Give back, unaltered, the lines from the one with "The SECANDA app" to the end of the material, omitting pictures.

◆ **Data segment**:
+ + + + + + +
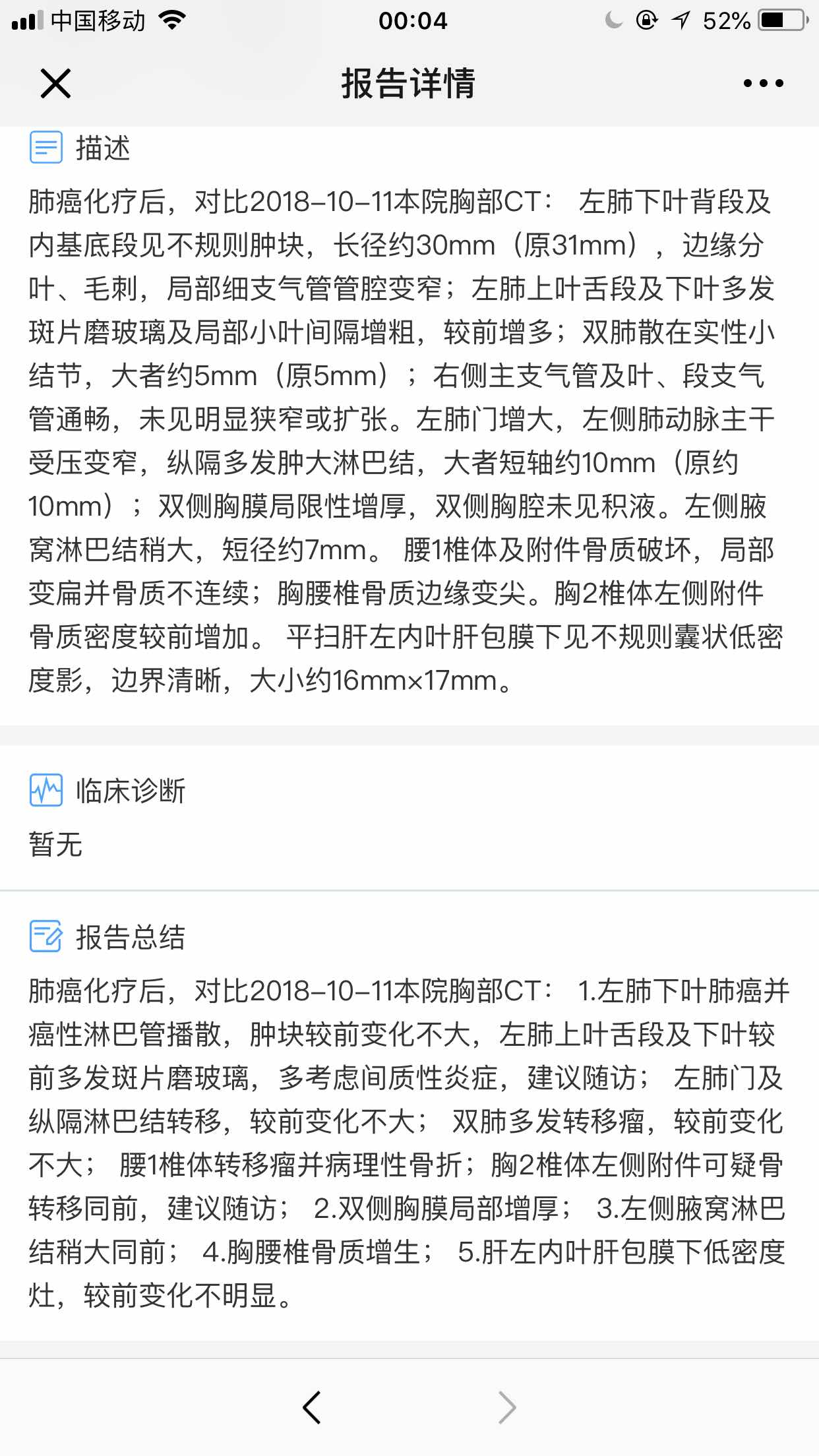 下面是第七次化疗(培美曲塞、奥美拉唑)以后的CT扫描结果,很多指标都相比之前有扩张的趋势,非常不稳定,大半年过去了,为什么不见有好转?而且,现在老爸的声带完全发不出声音,肺动脉压住了声带导致的。
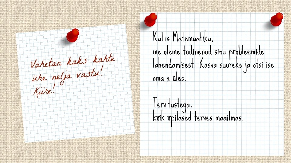 Kaheksanda klassi matemaatikatund. Õpetaja on väga vihane. Korraga käratab: „Taavi ja Gert! Mida te teete seal laua all… Ma ütlesin! Ei kasuta arvutit!“ Taavi: „Mmm-m-me-e ei ka-kasutagi. “ Õpetaja: „Mida te siis teete? “ Taavi: „Arvutame näppude peal!“
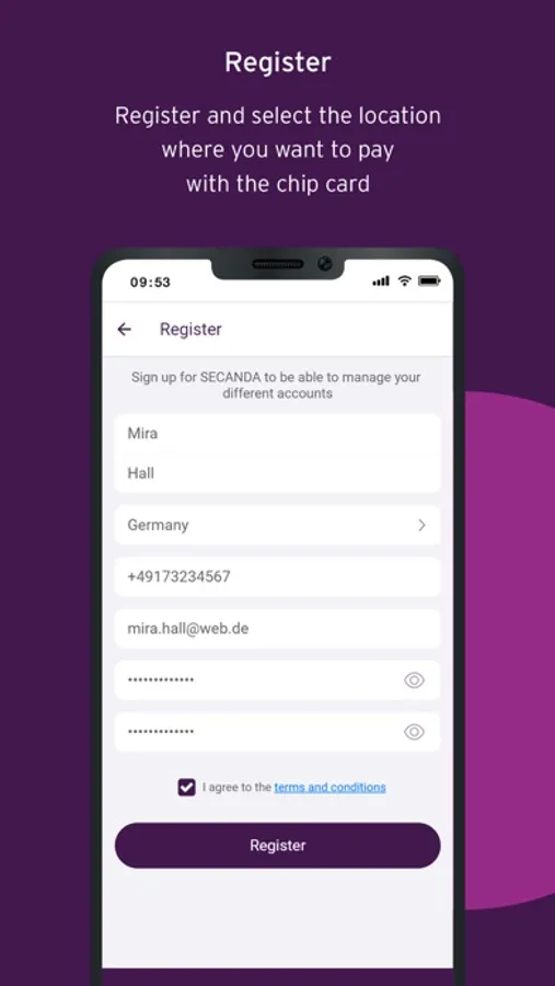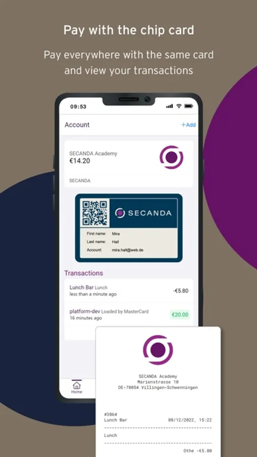 The SECANDA app turns your smart card into the next generation payment card. Simply download the app and register with your email address.
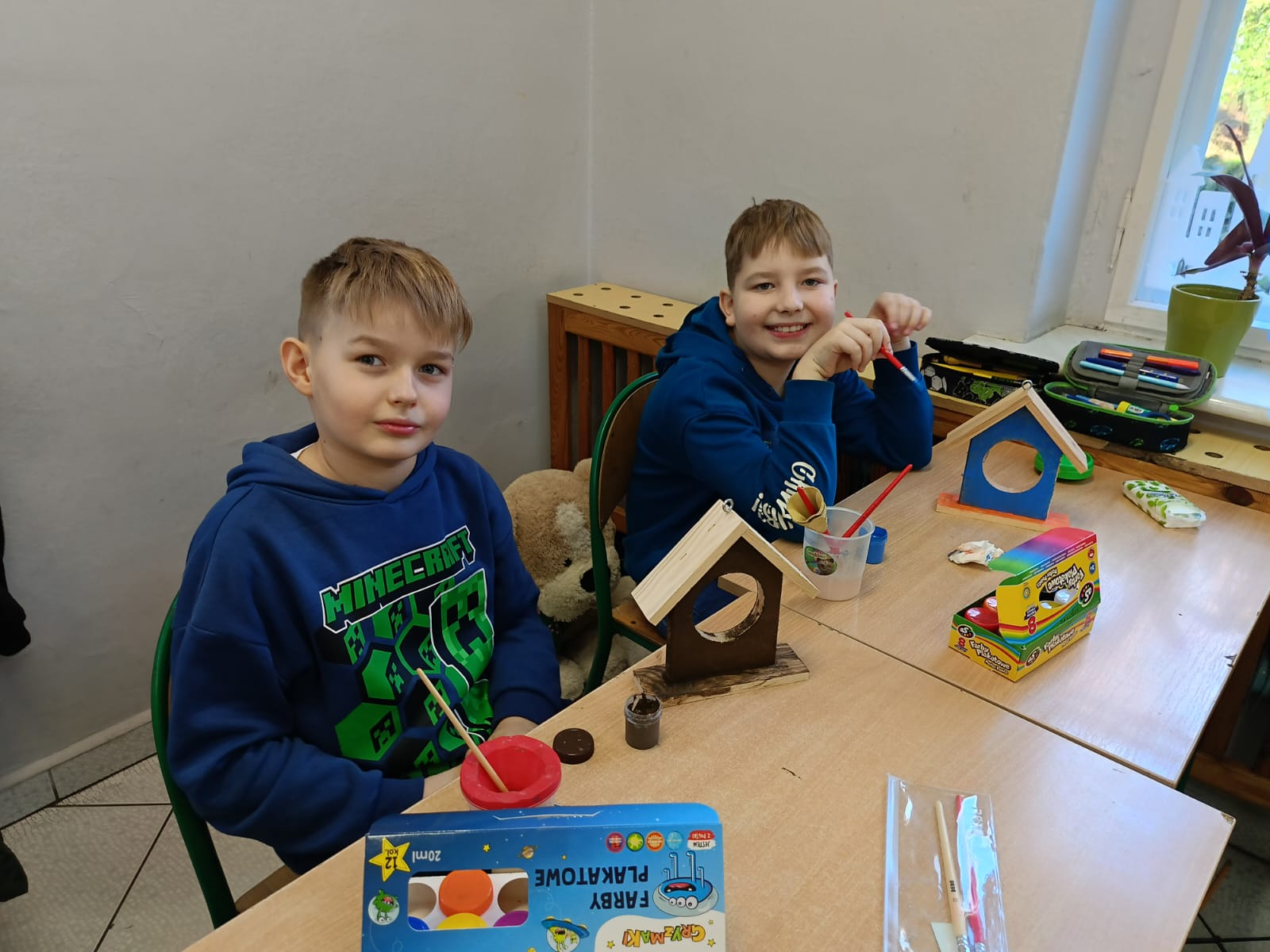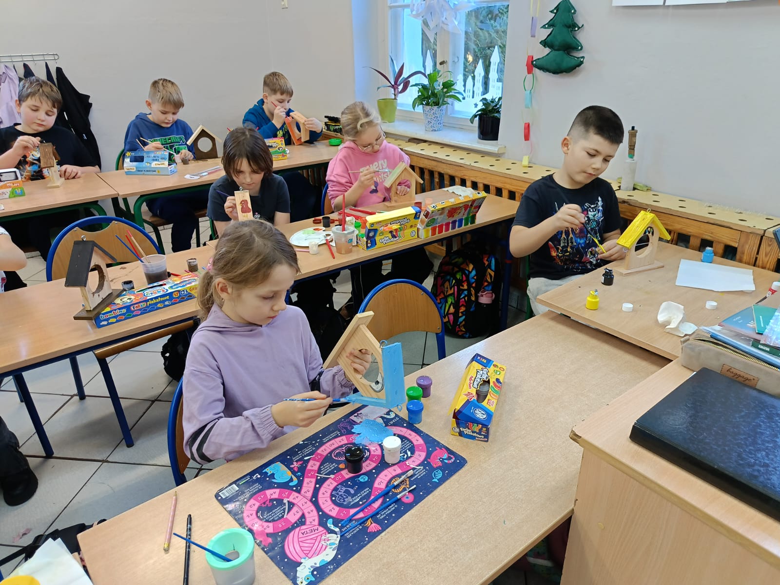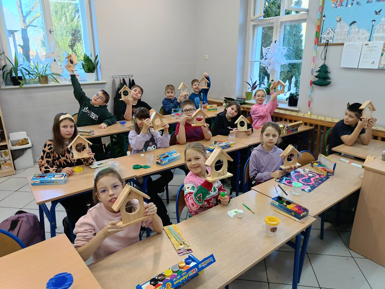 Uczniowie klasy III w ramach projektu „Z darami natury świat nie jest ponury” wykonali „Ekodomki dla ptaków”. Przygotowali ptasią stołówkę, którą umieszczono na drzewie w pobliżu szkoły oraz pomalowali własne drewniane karmniki, które zabrali do domów. Dzięki temu uczniowie mogę obserwować ptaki oraz dbać o ich regularne dokarmianie również poza szkołą. Realizacja zadania była nie tylko ciekawą formą nauki poprzez działanie, ale także doskonałą okazją do rozwijania kreatywności, wrażliwości ekologicznej oraz odpowiedzialności za środowisko naturalne.
+ + + + + + +
◆ **Expected answer**:
 The SECANDA app turns your smart card into the next generation payment card. Simply download the app and register with your email address.
 Uczniowie klasy III w ramach projektu „Z darami natury świat nie jest ponury” wykonali „Ekodomki dla ptaków”. Przygotowali ptasią stołówkę, którą umieszczono na drzewie w pobliżu szkoły oraz pomalowali własne drewniane karmniki, które zabrali do domów. Dzięki temu uczniowie mogę obserwować ptaki oraz dbać o ich regularne dokarmianie również poza szkołą. Realizacja zadania była nie tylko ciekawą formą nauki poprzez działanie, ale także doskonałą okazją do rozwijania kreatywności, wrażliwości ekologicznej oraz odpowiedzialności za środowisko naturalne.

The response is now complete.